| Exercise |
Transcribe nothing except the lines below that run from the one with "Nyopførte lejligheder i" to the one with "epdm, moosgummi, riefenprofil, kronenprofil, doppelmeter", ends included, and do not copy any picture.

| Material for this exercise |

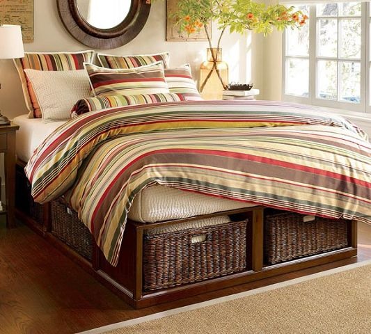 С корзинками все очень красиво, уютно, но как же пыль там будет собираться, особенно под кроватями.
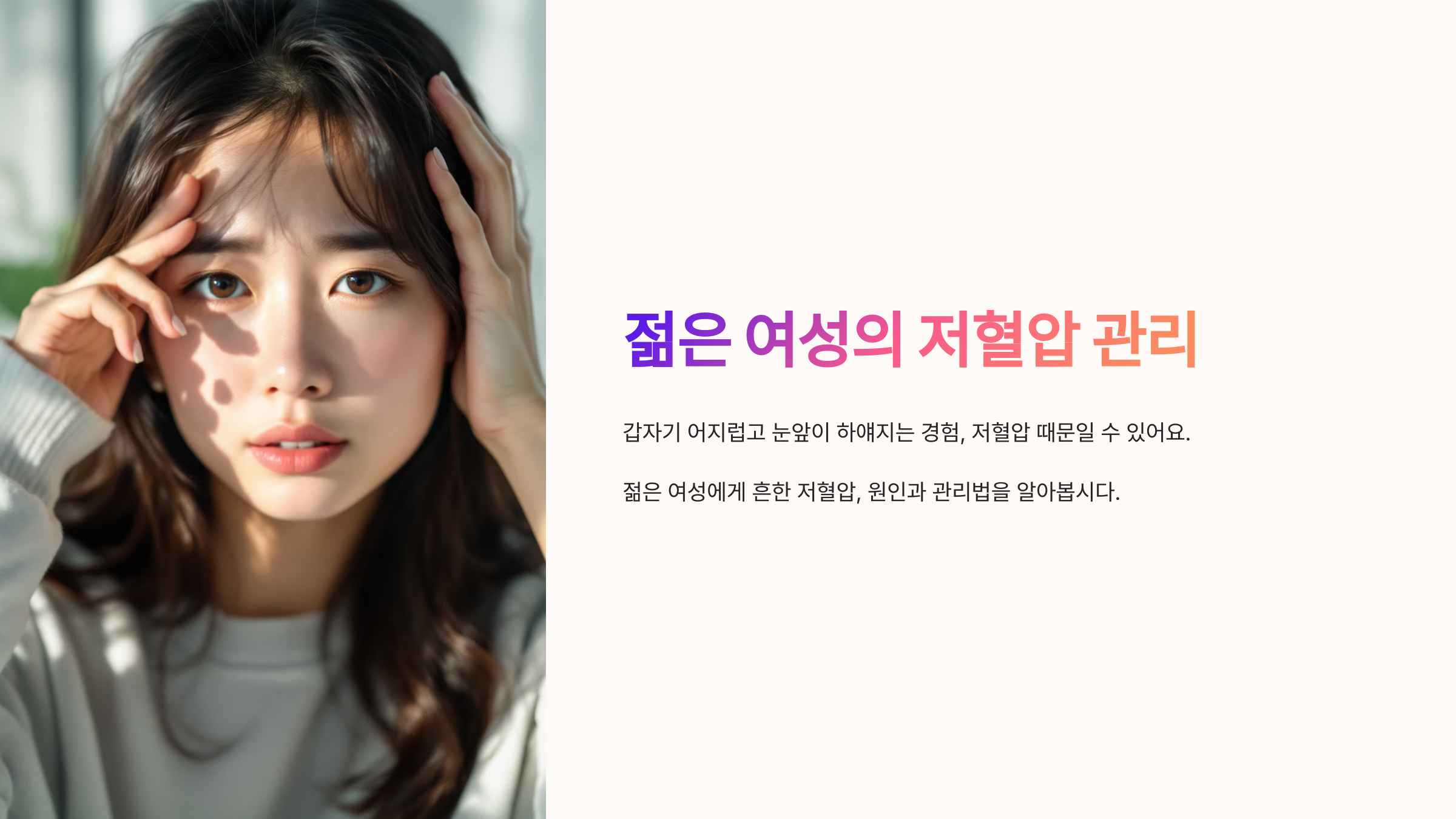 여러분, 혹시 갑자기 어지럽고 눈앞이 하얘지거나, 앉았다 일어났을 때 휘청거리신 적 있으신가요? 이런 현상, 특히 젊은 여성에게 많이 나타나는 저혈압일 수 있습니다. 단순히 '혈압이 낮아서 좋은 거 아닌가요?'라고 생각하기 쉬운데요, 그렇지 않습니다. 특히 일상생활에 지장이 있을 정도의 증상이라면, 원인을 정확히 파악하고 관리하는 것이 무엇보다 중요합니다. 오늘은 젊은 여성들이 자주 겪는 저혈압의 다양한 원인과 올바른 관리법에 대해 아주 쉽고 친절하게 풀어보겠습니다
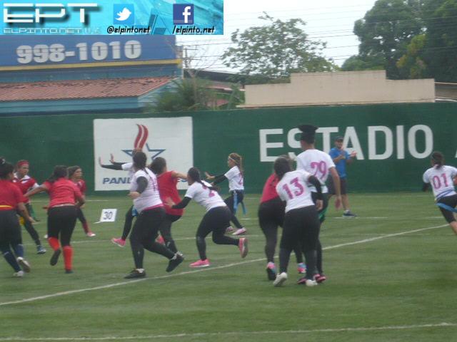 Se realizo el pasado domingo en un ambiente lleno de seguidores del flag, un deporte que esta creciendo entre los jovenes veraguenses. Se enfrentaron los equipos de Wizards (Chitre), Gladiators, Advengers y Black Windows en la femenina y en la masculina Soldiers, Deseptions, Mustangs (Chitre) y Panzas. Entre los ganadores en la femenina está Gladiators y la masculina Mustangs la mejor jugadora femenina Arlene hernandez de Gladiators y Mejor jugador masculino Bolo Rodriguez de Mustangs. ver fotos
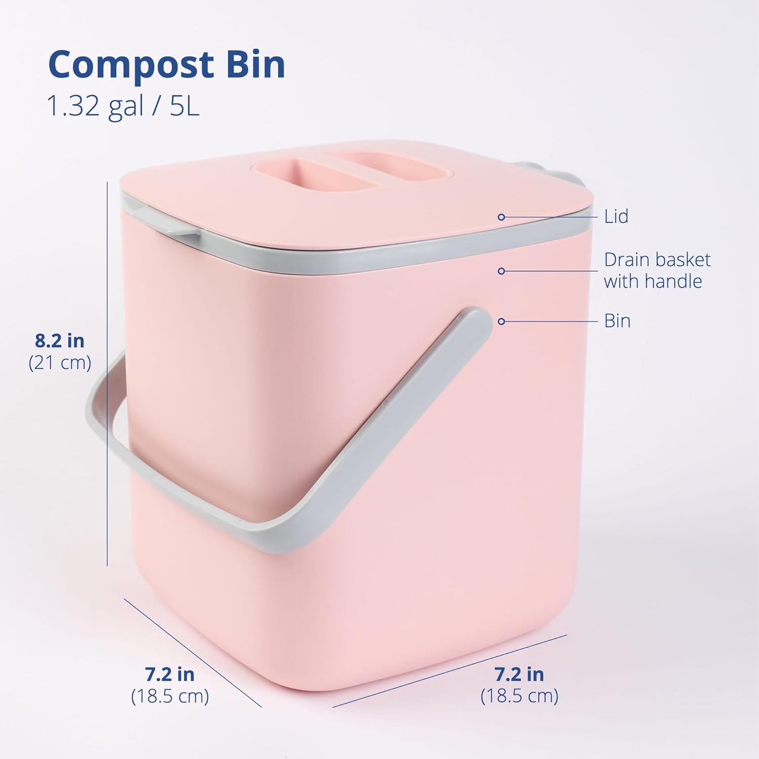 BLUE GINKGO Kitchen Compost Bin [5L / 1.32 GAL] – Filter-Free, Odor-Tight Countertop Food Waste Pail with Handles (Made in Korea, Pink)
==
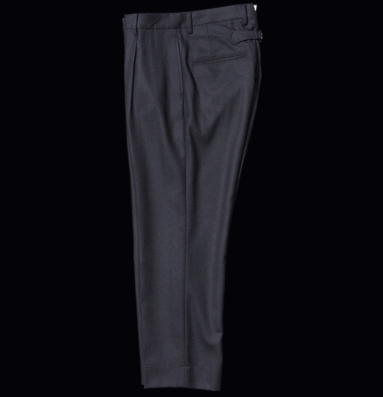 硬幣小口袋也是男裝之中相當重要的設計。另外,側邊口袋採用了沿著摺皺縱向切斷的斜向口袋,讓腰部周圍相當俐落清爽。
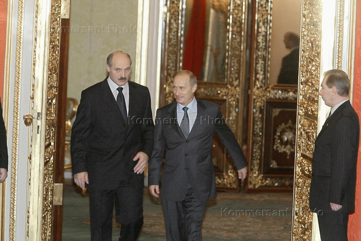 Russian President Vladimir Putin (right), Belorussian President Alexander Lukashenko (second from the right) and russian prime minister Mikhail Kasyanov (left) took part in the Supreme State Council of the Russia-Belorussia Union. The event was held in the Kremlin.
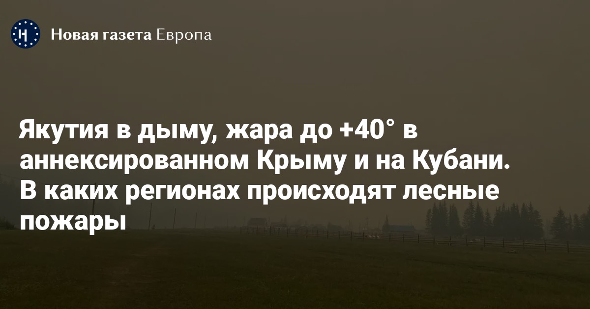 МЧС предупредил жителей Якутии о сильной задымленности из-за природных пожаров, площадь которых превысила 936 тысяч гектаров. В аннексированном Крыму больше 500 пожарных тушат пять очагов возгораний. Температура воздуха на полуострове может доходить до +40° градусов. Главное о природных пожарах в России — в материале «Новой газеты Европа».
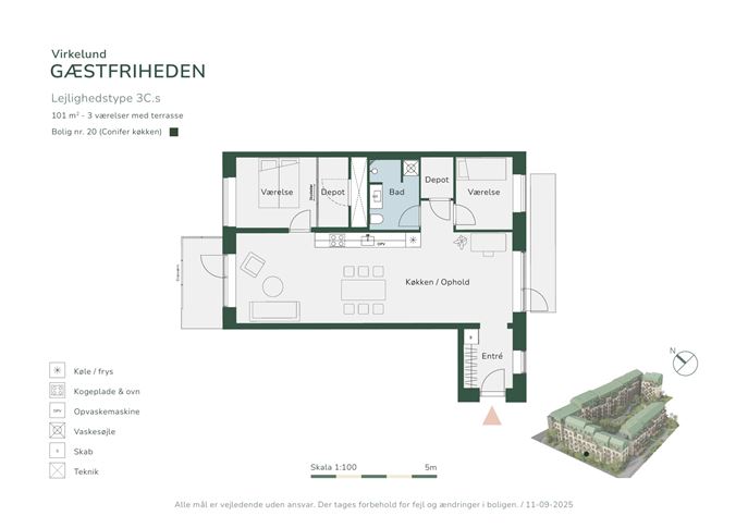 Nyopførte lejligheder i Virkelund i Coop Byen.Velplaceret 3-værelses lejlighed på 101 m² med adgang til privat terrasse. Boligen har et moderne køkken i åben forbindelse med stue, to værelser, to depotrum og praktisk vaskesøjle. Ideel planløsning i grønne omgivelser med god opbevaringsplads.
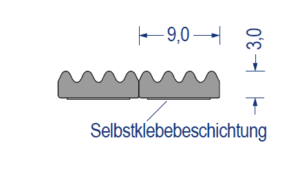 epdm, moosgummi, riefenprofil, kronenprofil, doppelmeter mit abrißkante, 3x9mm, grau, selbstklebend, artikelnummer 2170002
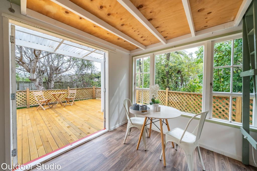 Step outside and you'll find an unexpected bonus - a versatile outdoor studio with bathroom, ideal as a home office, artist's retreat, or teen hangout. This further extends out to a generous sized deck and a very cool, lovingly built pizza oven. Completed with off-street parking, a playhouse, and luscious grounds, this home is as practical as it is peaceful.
---
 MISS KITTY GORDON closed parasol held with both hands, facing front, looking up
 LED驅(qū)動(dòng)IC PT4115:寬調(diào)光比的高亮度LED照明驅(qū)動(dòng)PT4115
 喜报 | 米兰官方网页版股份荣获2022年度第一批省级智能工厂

| Task response |
 Nyopførte lejligheder i Virkelund i Coop Byen.Velplaceret 3-værelses lejlighed på 101 m² med adgang til privat terrasse. Boligen har et moderne køkken i åben forbindelse med stue, to værelser, to depotrum og praktisk vaskesøjle. Ideel planløsning i grønne omgivelser med god opbevaringsplads.
 epdm, moosgummi, riefenprofil, kronenprofil, doppelmeter mit abrißkante, 3x9mm, grau, selbstklebend, artikelnummer 2170002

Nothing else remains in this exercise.